Foreign car service moves to larger digs Business volume expected to double GLEN BURNIE

December 30, 1992|By Andrea F. Siegel | Andrea F. Siegel,Staff Writer

They come from such diverse places as Cape Cod, the British Embassy, Annapolis and Glen Burnie to have Dennis Pye and his crew service their upscale automobiles.

Mr. Pye is the owner of 25-year-old City Imports Ltd., which moved a few weeks ago to the Glen Burnie Industrial Park, where Mr. Pye expects to double the volume of his work.

For more than a decade, the business had leased 6,000 square feet of space on Crain Highway. The new digs he bought has 9,550 square feet, and Mr. Pye expects to be able to work on 30 cars at a time here.

Inside the warehouse-type building are a host of Jaguars and other imports, some there for routine service work, others for painstaking restoration of cars that are no longer in production.

"We start from the frame up and build the car," Mr. Pye said.

Only about 30 percent of the shop's work is in restoration; the rest is the bread and butter servicing of foreign cars, from Toyotas to Rolls Royces.

But here, a person can drop $10,000 on a restoration that takes months. It includes finding after-market parts across the continent in California and across the ocean in England -- and if those aren't available, Mr. Pye has them made. It includes reupholstery, which takes Larry Custer a week to cut and sew. And it includes body work and repainting.

There's a 1953 MG-TD, there for engine work. And a 1969 MG-BGT, there for just about everything.

"It's all completely rusted out," Mr. Pye said. A new floor, rocker panel and quarter panels have been placed on the driver's side, and the passenger's side awaits similar treatment.

Tucked in the back is a 1937 Lagonda. "We got it running. The customer is going to do the rest of the work," Mr. Pye said.

The longest restoration job -- on a Jaguar XKE -- took him eight months, he said.

"You have to have patience and perseverance," the Severna Park resident explained.

The work requires attention to detail, with emphasis on cleaning and repairing what's there, rather than replacing components.

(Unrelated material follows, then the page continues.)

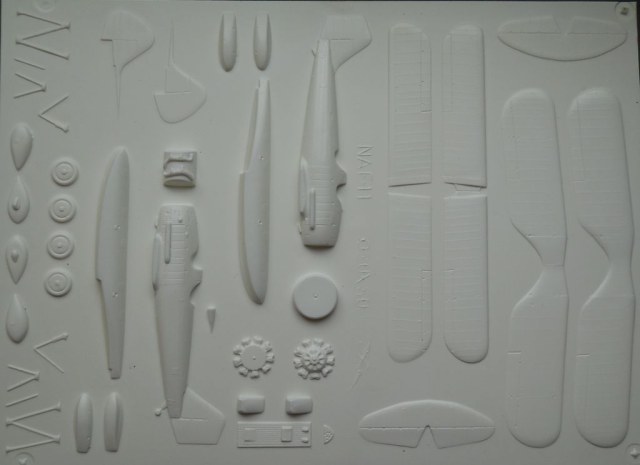 Вакуумформованная модель от фирмы Esoteric Models упакована в полиэтиленовый пакет. Масштаб 1/72 (номер по каталогу NAF-11). Основные детали отформованы на одном листе пластика с весьма неплохой проработкой. В наборе присутствуют деталировка из белого металла и профили из пластика. Козырьки кабины предполагается изготовить самостоятельно. В модель заложена возможность сделать на выбор одну из пяти модификаций самолёта. Декаль на восемь вариантов. Отдельно прикладывается декаль с ремнями и приборной доской. Информация по сборке дана на «удовлетворительно».

That Mr. Pye, 51, specializes in imported cars, especially British ones, is no accident.

Born in Liverpool, he apprenticed for five years at British Leyland before coming to the United States in 1963. He was 22 years old, and his wife, Rachael, had a relative who helped him land a job

at Capitol Motors of Annapolis.

He also worked as service director for Gladding Rolls Royce and Toyota City, both of Glen Burnie, before opening his shop in 1977.

The shop employs five mechanics, one upholstery worker and Mr. Pye, who prefers working on an ignition system to sitting in his office. "I get tired of doing this paperwork," he said.

Among the employees is Walter Stallings, who has been with Mr. Pye for 23 years, and newcomer Tim Stevenson, Mr. Pye's son-in-law.